I have probably never purchased any game in my life as retail disc except Project IGI.

All my games, are on Steam.




furious_gamer said:


> ^^  that i have to use that freakingly slow 512Kbps sh1t.


My broadband top speed is 512 Kbps and then 256 kbps


----------



## ghouse12311 (Dec 13, 2012)

once you have downloaded the entire game through steam you can take physical backup of it in steam client and write it to disk and just use it later if u have to install again....but you will have to take backup again if the game receives any updates..


----------



## furious_gamer (Dec 13, 2012)

thetechfreak said:


> I have probably never purchased any game in my life as retail disc except Project IGI.
> 
> All my games, are on Steam.
> 
> ...



You have a lot of patience to download games in such slow speed... Anyway, you still not off from forum?



ghouse12311 said:


> once you have downloaded the entire game through steam you can take physical backup of it in steam client and write it to disk and just use it later if u have to install again....but you will have to take backup again if the game receives any updates..

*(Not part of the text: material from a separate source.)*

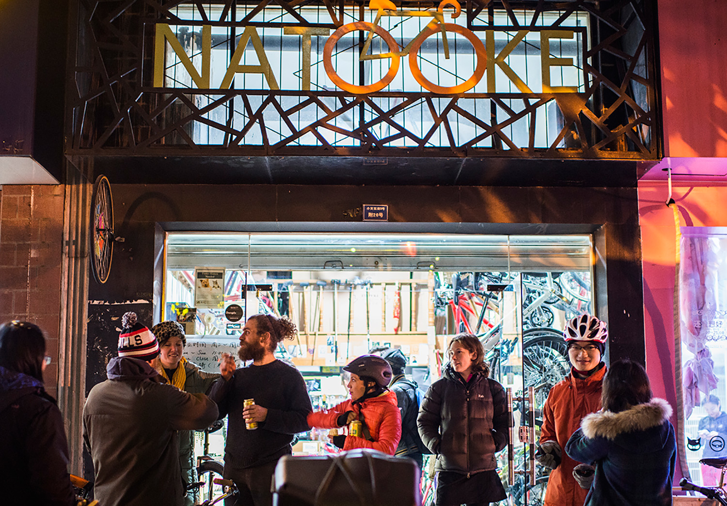 A group of riders gathers in front of the shop before a night ride through the city.

It is the big PITA process, that i hate. Still downloading metro, total time around 8 hours to download 6.6GB, it is sh1t man.


----------



## Vyom (Dec 13, 2012)

Digital is the future. Yes the pathetic download speeds and instability of the Internet in our country does make the process of downloading games from steam a PITA sometimes, but future isn't for dialups anyway.


----------



## gameranand (Dec 13, 2012)

Well I prefer to have a copy where ever I go and I don't like to store disks so steam is the way for me. Never liked boxed games anyway because of damn disks.


----------



## avinandan012 (Dec 13, 2012)

one word for all Steam Sales


----------



## furious_gamer (Dec 13, 2012)

Vyom said:


> Digital is the future. Yes the pathetic download speeds and instability of the Internet in our country does make the process of downloading games from steam a PITA sometimes, but future isn't for dialups anyway.



Maybe, in future, if our DC/CC will become more hassle free for online transactions, and speeds are good, then we can think about it.



gameranand said:


> Well I prefer to have a copy where ever I go and I don't like to store disks so steam is the way for me. Never liked boxed games anyway because of damn disks.

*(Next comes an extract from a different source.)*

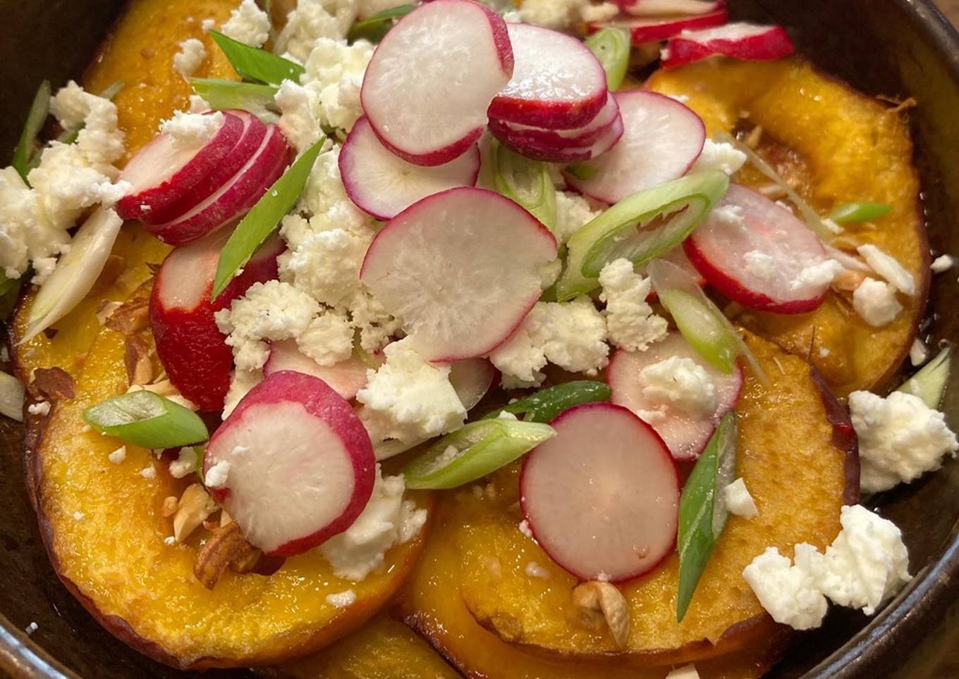- Versez un filet d’huile de noix sur les pêches et émiettez la fêta par-dessus ainsi que les rondelles de radis roses et ajoutez une pincée de sumac pour le « kick » d’acidité (ou un filet de jus de citron)

Well, i bought GTA IV and stick that map in my room wall, so i can navigate easily while playing...  Still i prefer to have Disc rather than in steam.  So i can take the disc, install it and keep it safe. Hassle free, in my opinion.



avinandan012 said:


> one word for all Steam Sales



+1 . Agreed.


----------



## gameranand (Dec 13, 2012)

Well when I play I prefer to use map button rather than seeing my wall for the map. 

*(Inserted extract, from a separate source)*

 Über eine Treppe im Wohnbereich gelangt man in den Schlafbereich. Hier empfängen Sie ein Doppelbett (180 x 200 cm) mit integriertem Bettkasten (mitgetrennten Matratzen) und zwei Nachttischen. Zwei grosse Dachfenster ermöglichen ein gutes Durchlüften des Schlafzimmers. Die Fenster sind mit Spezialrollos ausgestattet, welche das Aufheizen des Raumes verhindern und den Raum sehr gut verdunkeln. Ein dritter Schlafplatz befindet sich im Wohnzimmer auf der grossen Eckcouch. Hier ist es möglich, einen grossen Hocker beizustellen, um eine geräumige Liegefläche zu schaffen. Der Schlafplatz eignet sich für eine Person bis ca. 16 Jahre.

I have like 200 discs of movies and music (most are original). I don't like them because they are just too much, too much hassle to carry if I want my collection to be portable. Its really simple, if you want portability then nothing beats Steam and add to that the steam sales and all.


----------



## CarlonSamuels (Dec 13, 2012)

Steam over Physical Disks because of the Amazing Deals you can get on games plus the great community and save game back ups

and i dont know if this has happened to anyone else but my download speed increases when i download from steam i.e my regular 2mbps(around 230 kBps) turns into stable 500-700 kBps


----------



## furious_gamer (Dec 13, 2012)

gameranand said:


> Well when I play I prefer to use map button rather than seeing my wall for the map.
> 
> I have like 200 discs of movies and music (most are original). I don't like them because they are just too much, too much hassle to carry if I want my collection to be portable. Its really simple, if you want portability then nothing beats Steam and add to that the steam sales and all.



LOL, interpreted in diff way. I still use in-game map, but it is cool to watch map and drive. No GPS. 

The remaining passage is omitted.